» **WORK ITEM**:
Repeat every line of the data exactly, but not the pictures.

» **Data entries**:
━━━
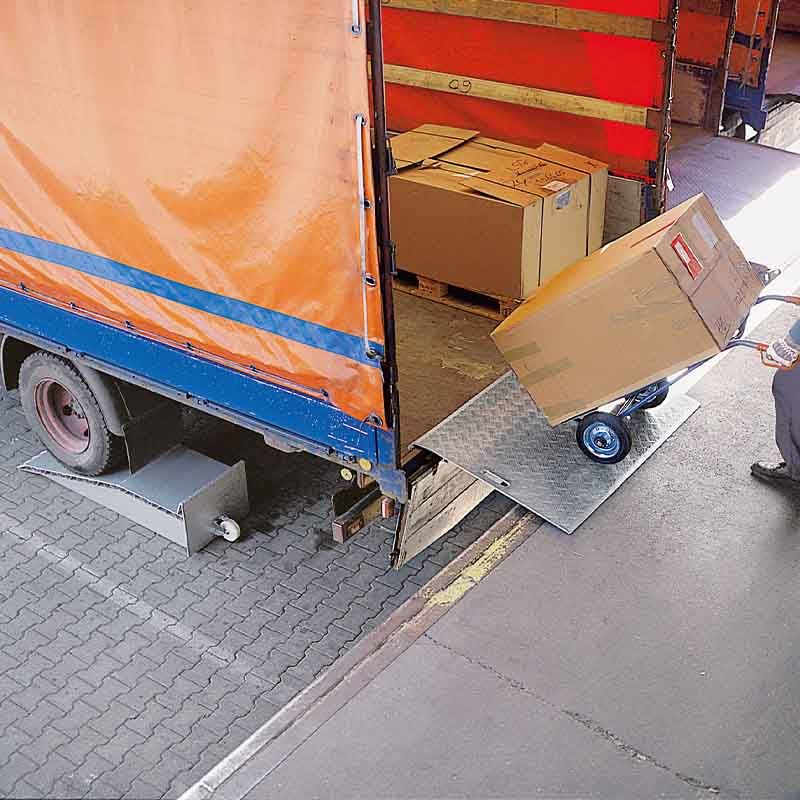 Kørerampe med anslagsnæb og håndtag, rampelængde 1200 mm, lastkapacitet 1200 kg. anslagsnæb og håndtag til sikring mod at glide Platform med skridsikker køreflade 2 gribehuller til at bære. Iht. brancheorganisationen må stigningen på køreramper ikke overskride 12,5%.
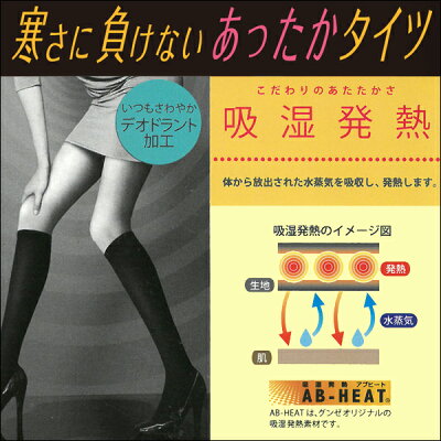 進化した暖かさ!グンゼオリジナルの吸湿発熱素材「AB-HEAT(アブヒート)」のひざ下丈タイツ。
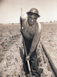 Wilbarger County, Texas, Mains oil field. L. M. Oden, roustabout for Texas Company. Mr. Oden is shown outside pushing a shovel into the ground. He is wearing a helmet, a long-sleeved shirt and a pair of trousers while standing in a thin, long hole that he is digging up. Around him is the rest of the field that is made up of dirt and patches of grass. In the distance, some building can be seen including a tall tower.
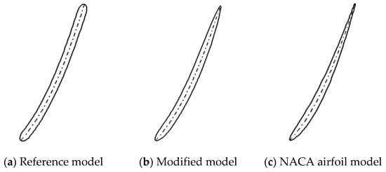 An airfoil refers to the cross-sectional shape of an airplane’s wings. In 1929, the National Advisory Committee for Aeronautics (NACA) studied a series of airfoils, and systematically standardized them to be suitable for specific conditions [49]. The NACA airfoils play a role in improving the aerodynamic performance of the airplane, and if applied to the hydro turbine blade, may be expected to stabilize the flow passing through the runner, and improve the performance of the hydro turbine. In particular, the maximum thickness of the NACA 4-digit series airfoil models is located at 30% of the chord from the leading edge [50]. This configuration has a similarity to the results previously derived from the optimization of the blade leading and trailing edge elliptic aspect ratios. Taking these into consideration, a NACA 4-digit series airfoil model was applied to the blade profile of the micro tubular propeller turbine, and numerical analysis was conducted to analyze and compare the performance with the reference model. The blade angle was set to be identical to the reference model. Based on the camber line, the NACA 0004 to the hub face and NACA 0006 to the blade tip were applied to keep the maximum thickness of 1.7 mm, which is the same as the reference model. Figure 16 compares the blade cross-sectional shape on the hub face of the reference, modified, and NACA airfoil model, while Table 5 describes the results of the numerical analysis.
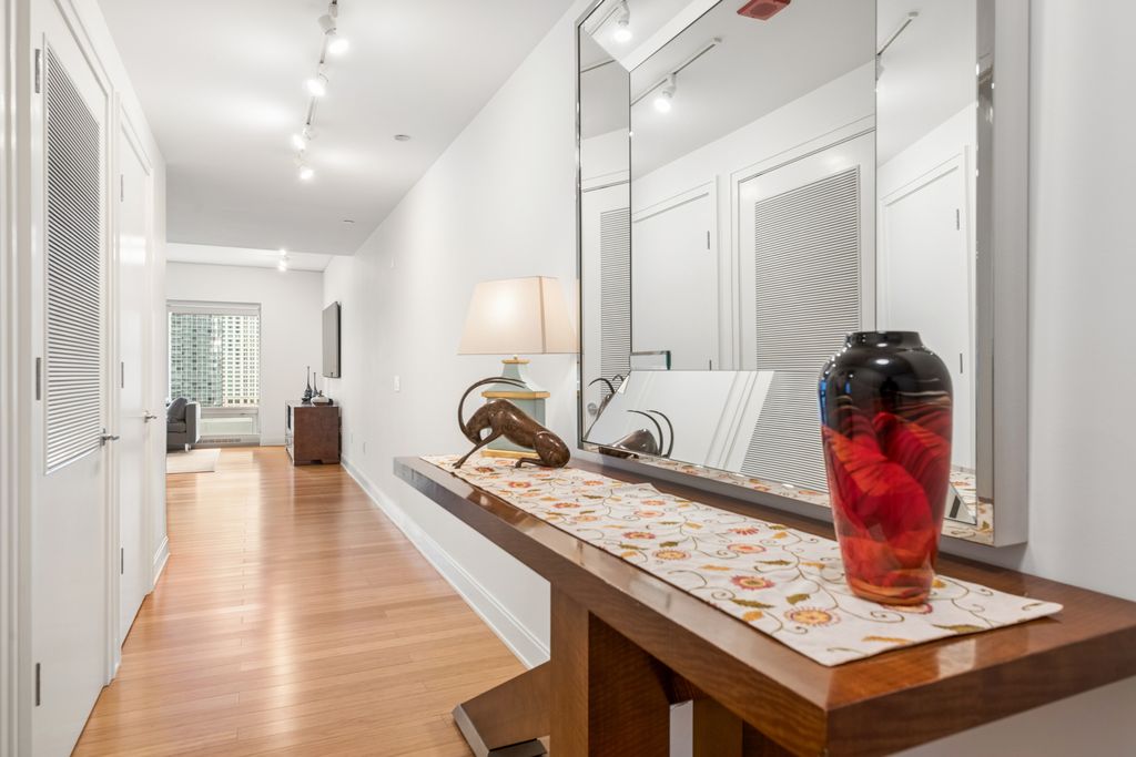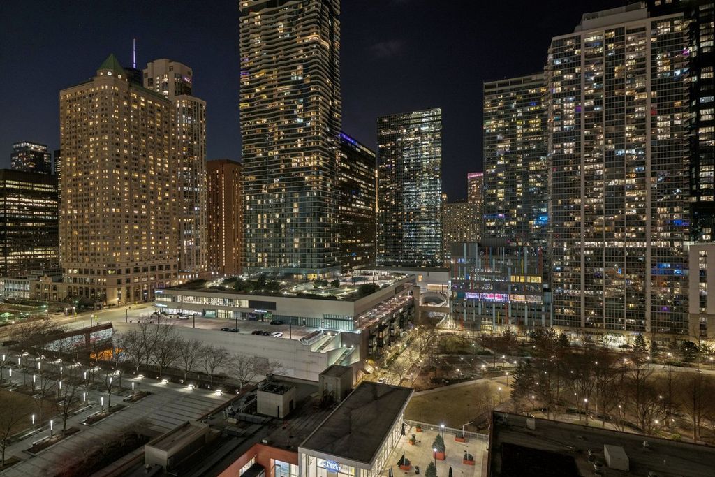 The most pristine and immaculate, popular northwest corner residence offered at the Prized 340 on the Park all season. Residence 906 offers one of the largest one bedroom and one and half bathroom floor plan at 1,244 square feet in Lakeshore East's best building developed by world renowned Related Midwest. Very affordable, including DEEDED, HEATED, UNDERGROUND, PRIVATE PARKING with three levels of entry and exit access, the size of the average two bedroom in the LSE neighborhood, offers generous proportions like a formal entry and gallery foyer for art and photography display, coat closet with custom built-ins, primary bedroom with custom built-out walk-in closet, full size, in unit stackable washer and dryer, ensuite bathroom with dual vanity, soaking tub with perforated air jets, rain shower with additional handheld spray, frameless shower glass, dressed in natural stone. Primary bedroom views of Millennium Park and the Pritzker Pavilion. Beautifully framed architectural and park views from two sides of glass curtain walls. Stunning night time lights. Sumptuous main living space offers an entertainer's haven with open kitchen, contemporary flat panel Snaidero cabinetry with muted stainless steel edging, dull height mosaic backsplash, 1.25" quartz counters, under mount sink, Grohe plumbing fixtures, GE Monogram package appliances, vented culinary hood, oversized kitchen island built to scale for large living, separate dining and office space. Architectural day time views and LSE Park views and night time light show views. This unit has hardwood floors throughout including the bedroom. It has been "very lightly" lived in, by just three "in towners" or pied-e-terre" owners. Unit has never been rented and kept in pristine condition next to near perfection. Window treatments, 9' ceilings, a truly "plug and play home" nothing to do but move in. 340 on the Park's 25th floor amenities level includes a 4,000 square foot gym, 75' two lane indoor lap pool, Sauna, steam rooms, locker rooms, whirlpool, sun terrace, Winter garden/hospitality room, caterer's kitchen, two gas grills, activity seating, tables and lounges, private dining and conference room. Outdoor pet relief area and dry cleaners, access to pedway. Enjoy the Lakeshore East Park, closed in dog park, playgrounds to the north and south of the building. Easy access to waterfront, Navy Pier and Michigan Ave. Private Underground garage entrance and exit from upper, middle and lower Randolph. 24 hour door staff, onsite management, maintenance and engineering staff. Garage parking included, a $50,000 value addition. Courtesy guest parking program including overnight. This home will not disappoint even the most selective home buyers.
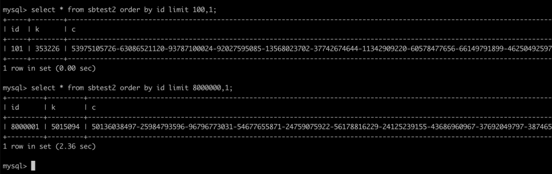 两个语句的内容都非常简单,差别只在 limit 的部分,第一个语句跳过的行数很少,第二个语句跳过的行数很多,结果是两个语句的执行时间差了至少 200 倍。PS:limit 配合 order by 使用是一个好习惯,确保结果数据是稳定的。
━━━
» **SOLUTION TO THIS PROBLEM**:
 Kørerampe med anslagsnæb og håndtag, rampelængde 1200 mm, lastkapacitet 1200 kg. anslagsnæb og håndtag til sikring mod at glide Platform med skridsikker køreflade 2 gribehuller til at bære. Iht. brancheorganisationen må stigningen på køreramper ikke overskride 12,5%.
 進化した暖かさ!グンゼオリジナルの吸湿発熱素材「AB-HEAT(アブヒート)」のひざ下丈タイツ。
 Wilbarger County, Texas, Mains oil field. L. M. Oden, roustabout for Texas Company. Mr. Oden is shown outside pushing a shovel into the ground. He is wearing a helmet, a long-sleeved shirt and a pair of trousers while standing in a thin, long hole that he is digging up. Around him is the rest of the field that is made up of dirt and patches of grass. In the distance, some building can be seen including a tall tower.
 An airfoil refers to the cross-sectional shape of an airplane’s wings. In 1929, the National Advisory Committee for Aeronautics (NACA) studied a series of airfoils, and systematically standardized them to be suitable for specific conditions [49]. The NACA airfoils play a role in improving the aerodynamic performance of the airplane, and if applied to the hydro turbine blade, may be expected to stabilize the flow passing through the runner, and improve the performance of the hydro turbine. In particular, the maximum thickness of the NACA 4-digit series airfoil models is located at 30% of the chord from the leading edge [50]. This configuration has a similarity to the results previously derived from the optimization of the blade leading and trailing edge elliptic aspect ratios. Taking these into consideration, a NACA 4-digit series airfoil model was applied to the blade profile of the micro tubular propeller turbine, and numerical analysis was conducted to analyze and compare the performance with the reference model. The blade angle was set to be identical to the reference model. Based on the camber line, the NACA 0004 to the hub face and NACA 0006 to the blade tip were applied to keep the maximum thickness of 1.7 mm, which is the same as the reference model. Figure 16 compares the blade cross-sectional shape on the hub face of the reference, modified, and NACA airfoil model, while Table 5 describes the results of the numerical analysis.
 The most pristine and immaculate, popular northwest corner residence offered at the Prized 340 on the Park all season. Residence 906 offers one of the largest one bedroom and one and half bathroom floor plan at 1,244 square feet in Lakeshore East's best building developed by world renowned Related Midwest. Very affordable, including DEEDED, HEATED, UNDERGROUND, PRIVATE PARKING with three levels of entry and exit access, the size of the average two bedroom in the LSE neighborhood, offers generous proportions like a formal entry and gallery foyer for art and photography display, coat closet with custom built-ins, primary bedroom with custom built-out walk-in closet, full size, in unit stackable washer and dryer, ensuite bathroom with dual vanity, soaking tub with perforated air jets, rain shower with additional handheld spray, frameless shower glass, dressed in natural stone. Primary bedroom views of Millennium Park and the Pritzker Pavilion. Beautifully framed architectural and park views from two sides of glass curtain walls. Stunning night time lights. Sumptuous main living space offers an entertainer's haven with open kitchen, contemporary flat panel Snaidero cabinetry with muted stainless steel edging, dull height mosaic backsplash, 1.25" quartz counters, under mount sink, Grohe plumbing fixtures, GE Monogram package appliances, vented culinary hood, oversized kitchen island built to scale for large living, separate dining and office space. Architectural day time views and LSE Park views and night time light show views. This unit has hardwood floors throughout including the bedroom. It has been "very lightly" lived in, by just three "in towners" or pied-e-terre" owners. Unit has never been rented and kept in pristine condition next to near perfection. Window treatments, 9' ceilings, a truly "plug and play home" nothing to do but move in. 340 on the Park's 25th floor amenities level includes a 4,000 square foot gym, 75' two lane indoor lap pool, Sauna, steam rooms, locker rooms, whirlpool, sun terrace, Winter garden/hospitality room, caterer's kitchen, two gas grills, activity seating, tables and lounges, private dining and conference room. Outdoor pet relief area and dry cleaners, access to pedway. Enjoy the Lakeshore East Park, closed in dog park, playgrounds to the north and south of the building. Easy access to waterfront, Navy Pier and Michigan Ave. Private Underground garage entrance and exit from upper, middle and lower Randolph. 24 hour door staff, onsite management, maintenance and engineering staff. Garage parking included, a $50,000 value addition. Courtesy guest parking program including overnight. This home will not disappoint even the most selective home buyers.
 两个语句的内容都非常简单,差别只在 limit 的部分,第一个语句跳过的行数很少,第二个语句跳过的行数很多,结果是两个语句的执行时间差了至少 200 倍。PS:limit 配合 order by 使用是一个好习惯,确保结果数据是稳定的。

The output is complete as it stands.